(Stored records)
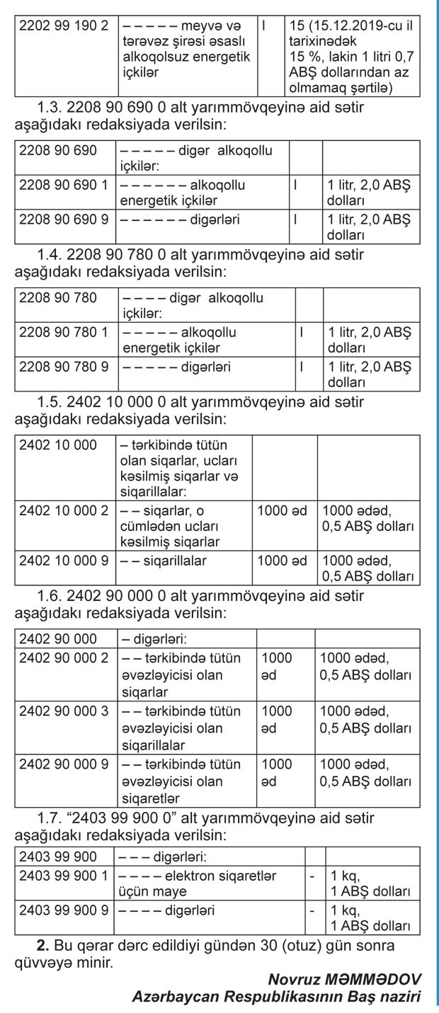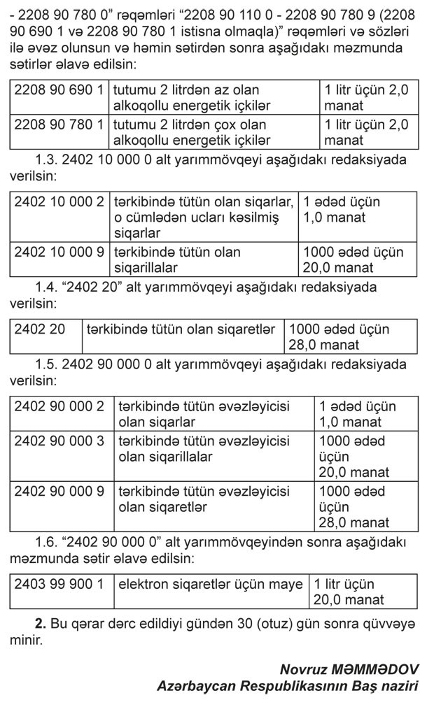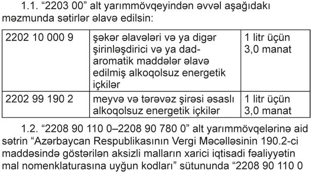 Qərarla şəkər əlavələri və ya digər şirinləşdirici və ya dadaromatik maddələr əlavə edilmiş alkoqolsuz energetik içkilər 1 litr üçün 3,0 manat, 2 meyvə və tərəvəz şirəsi əsaslı alkoqolsuz energetik içkilər 1 litr üçün 3,0 manat, tutumu 2 litrdən az olan alkoqollu energetik içkilər 1 litr üçün 2,0 manat, tutumu 2 litrdən çox olan alkoqollu energetik içkilər 1 litr üçün 2,0 manat, tərkibində tütün olan siqarlar, o cümlədən ucları kəsilmiş siqarlar 1 ədəd üçün 1,0 manat, tərkibində tütün olan siqarillalar 1000 ədəd üçün 20,0 manat, tərkibində tütün olan siqaretlər 1000 ədəd üçün 28,0 manat tərkibində tütün əvəzləyicisi olan siqarlar 1 ədəd üçün 1,0 manat, tərkibində tütün əvəzləyicisi olan siqarillalar 1000 ədəd üçün 20,0 manat, tərkibində tütün əvəzləyicisi olan siqaretlər 1000 ədəd üçün 28,0 manat, elektron siqaretlər üçün maye 1 litr üçün 20,0 manat müəyyən edilib.
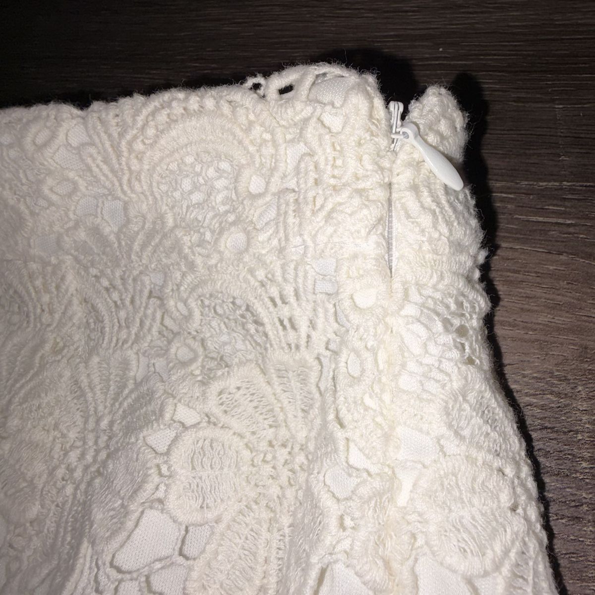 Textured lace Scalloped hem Fully lined Side zip closure
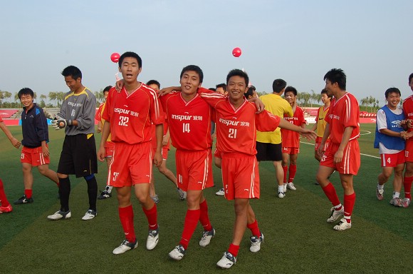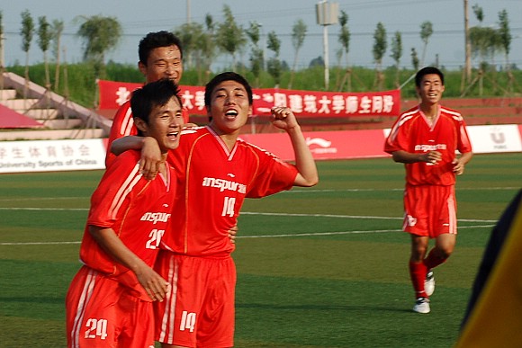 王绪和队友们在为这记“世界波”欢呼。
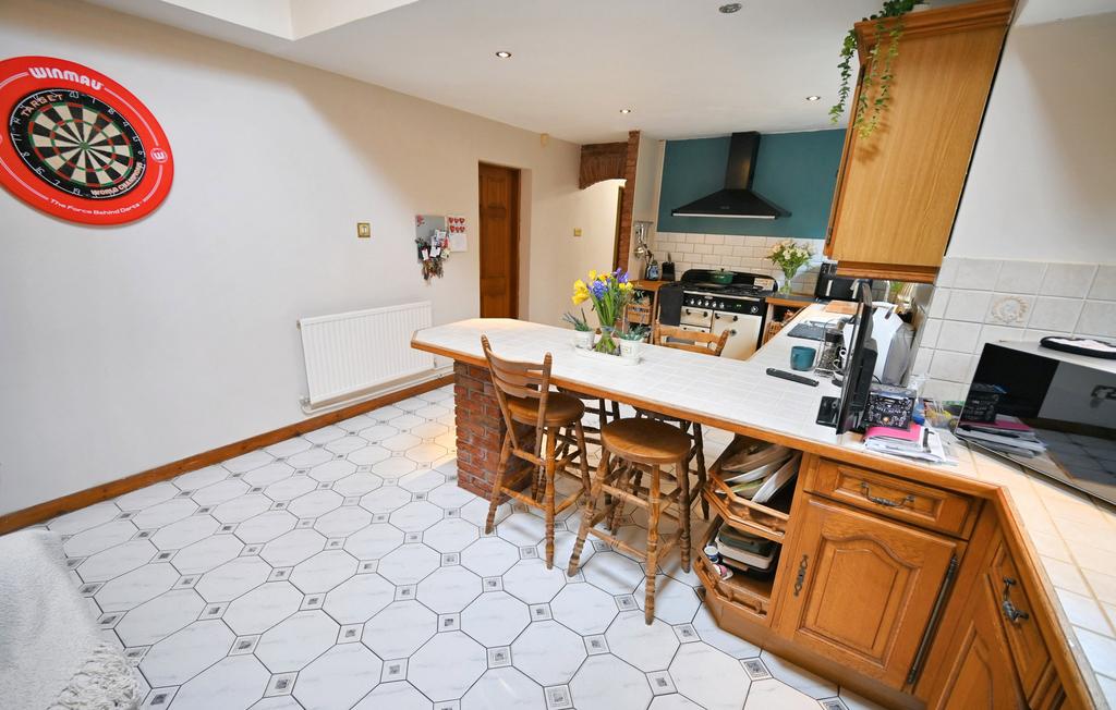 Breakfast Kitchen: 19’9’’ (6.01m) x 11’1’’ (3.37m) Fitted with a traditional suite of matching units comprising an extensive range of base cupboards, drawers & suspended wall cupboards, tiled worktops including breakfast bar, 1½ drainer sink unit, recess & gas point for Range style cooker, built in dishwasher, radiator, vaulted ceiling with recessed ceiling spotlights, tiled flooring, hard wood double glazed windows to side and open archway to utility.
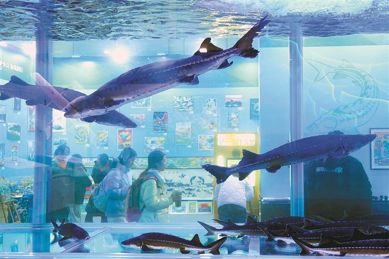 图为近日,观众在全国农业展览馆观看“生命长江 生生不息——长江禁渔五年展”。 图片来源:视觉中国

TASK TO COMPLETE
Please copy out the entries above exactly as they appear, but skip their images.

OUTPUT BELOW
 Qərarla şəkər əlavələri və ya digər şirinləşdirici və ya dadaromatik maddələr əlavə edilmiş alkoqolsuz energetik içkilər 1 litr üçün 3,0 manat, 2 meyvə və tərəvəz şirəsi əsaslı alkoqolsuz energetik içkilər 1 litr üçün 3,0 manat, tutumu 2 litrdən az olan alkoqollu energetik içkilər 1 litr üçün 2,0 manat, tutumu 2 litrdən çox olan alkoqollu energetik içkilər 1 litr üçün 2,0 manat, tərkibində tütün olan siqarlar, o cümlədən ucları kəsilmiş siqarlar 1 ədəd üçün 1,0 manat, tərkibində tütün olan siqarillalar 1000 ədəd üçün 20,0 manat, tərkibində tütün olan siqaretlər 1000 ədəd üçün 28,0 manat tərkibində tütün əvəzləyicisi olan siqarlar 1 ədəd üçün 1,0 manat, tərkibində tütün əvəzləyicisi olan siqarillalar 1000 ədəd üçün 20,0 manat, tərkibində tütün əvəzləyicisi olan siqaretlər 1000 ədəd üçün 28,0 manat, elektron siqaretlər üçün maye 1 litr üçün 20,0 manat müəyyən edilib.
 Textured lace Scalloped hem Fully lined Side zip closure
 王绪和队友们在为这记“世界波”欢呼。
 Breakfast Kitchen: 19’9’’ (6.01m) x 11’1’’ (3.37m) Fitted with a traditional suite of matching units comprising an extensive range of base cupboards, drawers & suspended wall cupboards, tiled worktops including breakfast bar, 1½ drainer sink unit, recess & gas point for Range style cooker, built in dishwasher, radiator, vaulted ceiling with recessed ceiling spotlights, tiled flooring, hard wood double glazed windows to side and open archway to utility.
 图为近日,观众在全国农业展览馆观看“生命长江 生生不息——长江禁渔五年展”。 图片来源:视觉中国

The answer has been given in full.